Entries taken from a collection
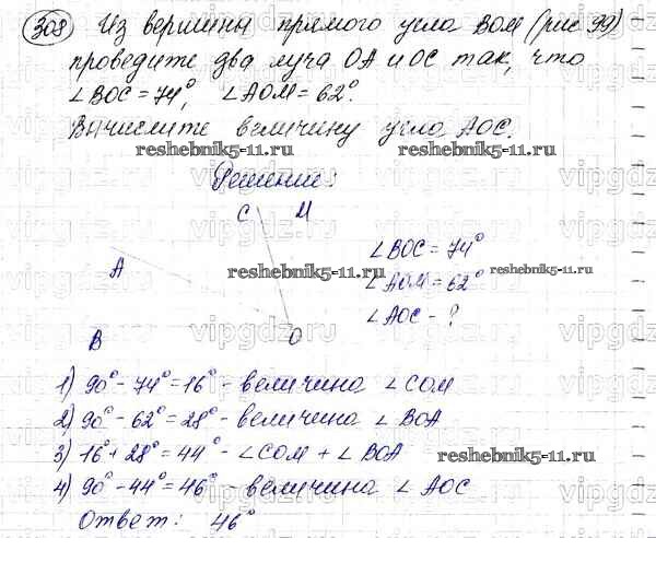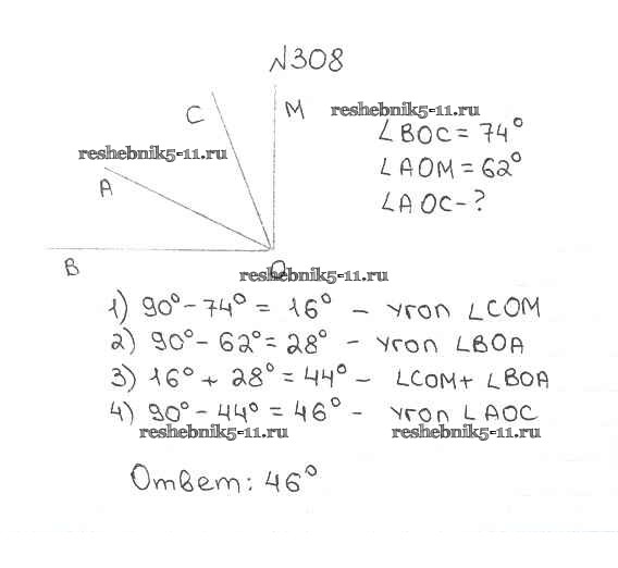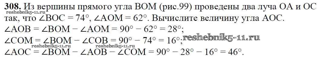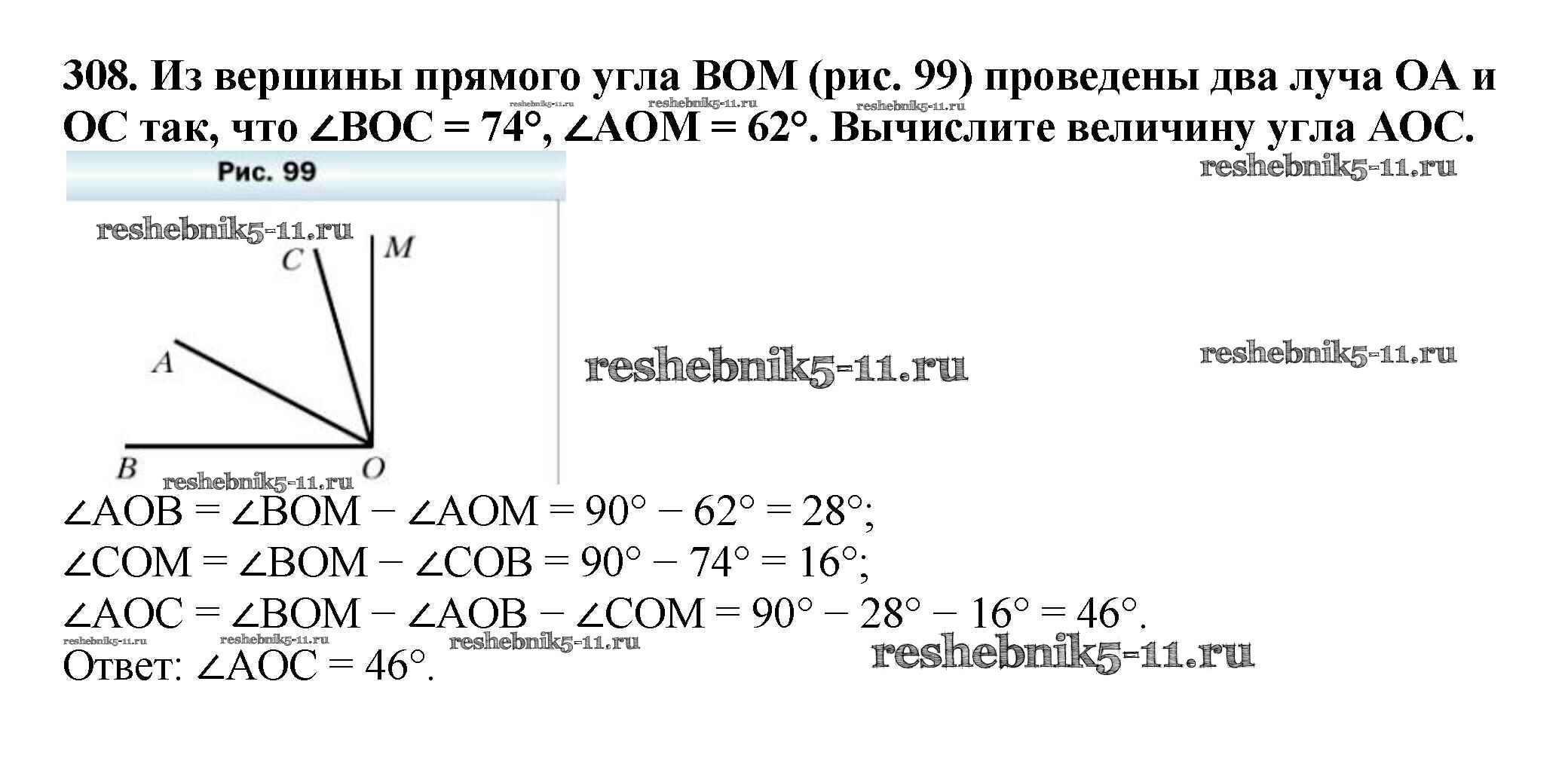 Готовая домашняя работа с ответами по Математике за 5 класс Мерзляк, Полонский, Якир Учебник Алгоритм успеха Вентана-граф 2016 ФГОС - §12. Виды углов. Измерение углов 308
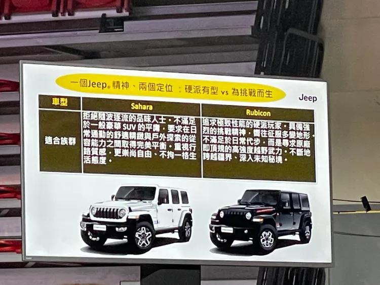 Jeep 重返台灣後的第一款新車,正式以經典的 Wrangler 作為領銜主角。首波提供 Sahara 與 Rubicon 兩款配置,預售分別為 209.8 萬元與 239.8 萬元,並自即日起開放接單,最快將於 2026 年第二季交車。
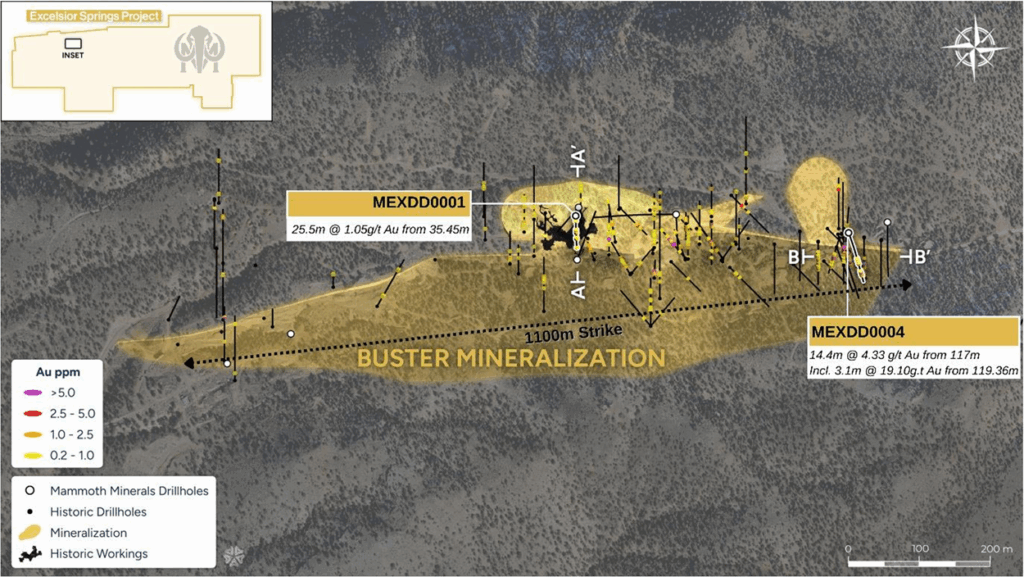 Strong initial results from Mammoth’s maiden diamond drilling program at Excelsior, with multiple shallow high-grade gold intercepts in the first three diamond holes at the Buster Mine Trend, validating and extending the geological model:
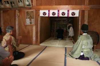 | 午後2時半より、改修工事に伴う足尾山御祖神社仮殿遷座祭が行われました。足尾山御祖神社の御神体は神楽殿奥に仮宮を設け、そちらにお遷し致しました。 |
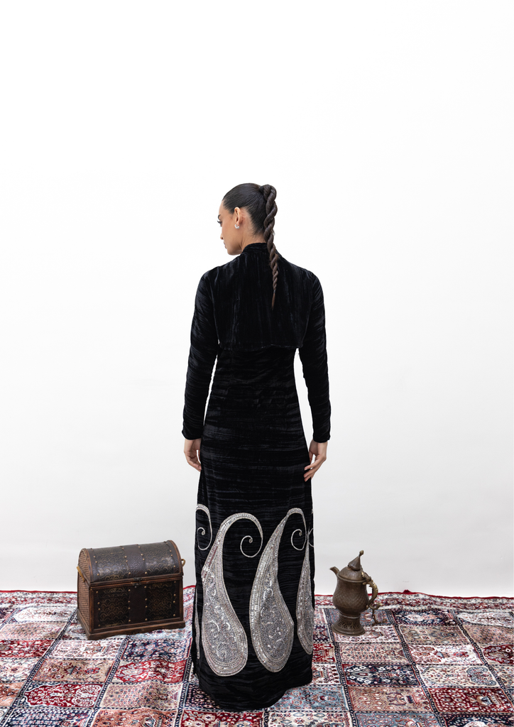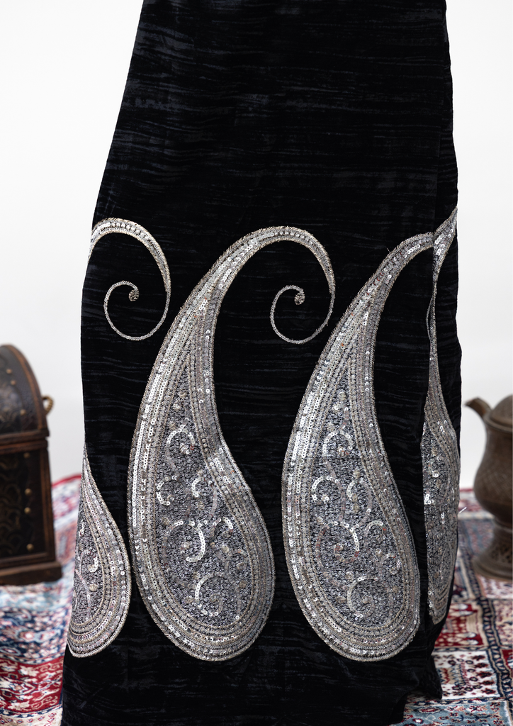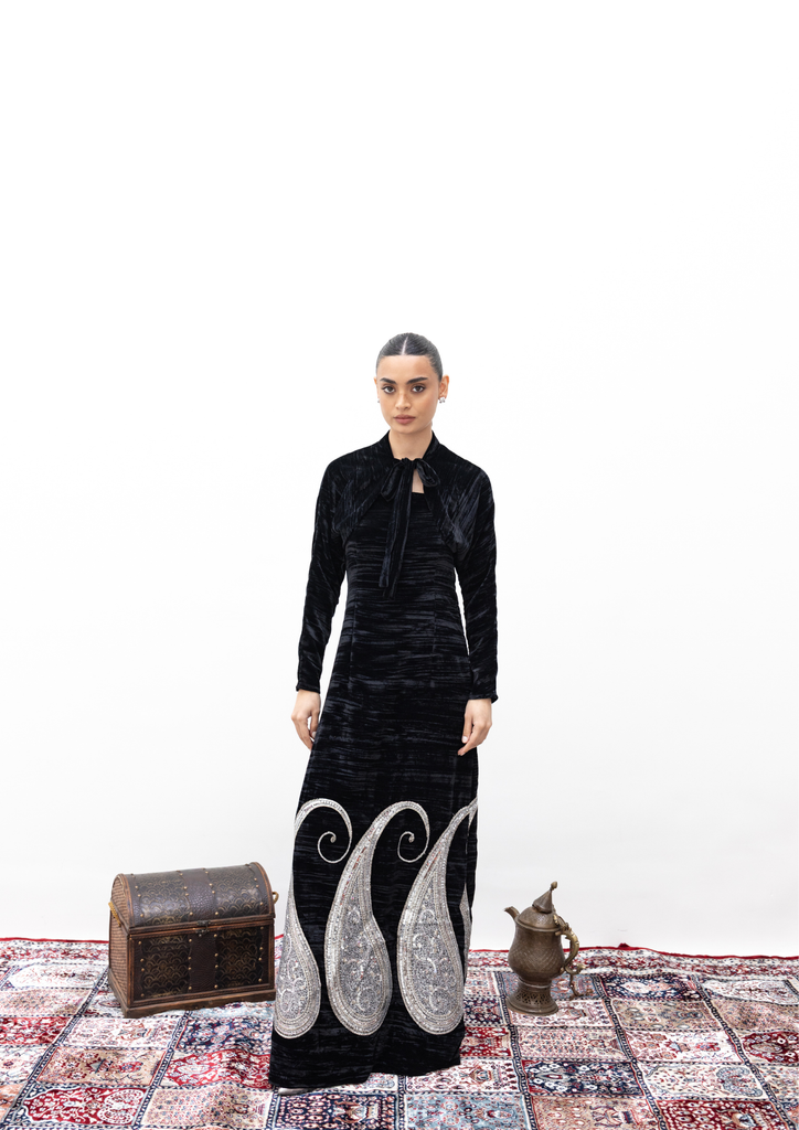 Velvet kaftan with silver embroidery

> What to do: Every record is to be reproduced exactly, with no pictures included.

> Exercise output:
 Готовая домашняя работа с ответами по Математике за 5 класс Мерзляк, Полонский, Якир Учебник Алгоритм успеха Вентана-граф 2016 ФГОС - §12. Виды углов. Измерение углов 308
 Jeep 重返台灣後的第一款新車,正式以經典的 Wrangler 作為領銜主角。首波提供 Sahara 與 Rubicon 兩款配置,預售分別為 209.8 萬元與 239.8 萬元,並自即日起開放接單,最快將於 2026 年第二季交車。
 Strong initial results from Mammoth’s maiden diamond drilling program at Excelsior, with multiple shallow high-grade gold intercepts in the first three diamond holes at the Buster Mine Trend, validating and extending the geological model:
 | 午後2時半より、改修工事に伴う足尾山御祖神社仮殿遷座祭が行われました。足尾山御祖神社の御神体は神楽殿奥に仮宮を設け、そちらにお遷し致しました。 |
 Velvet kaftan with silver embroidery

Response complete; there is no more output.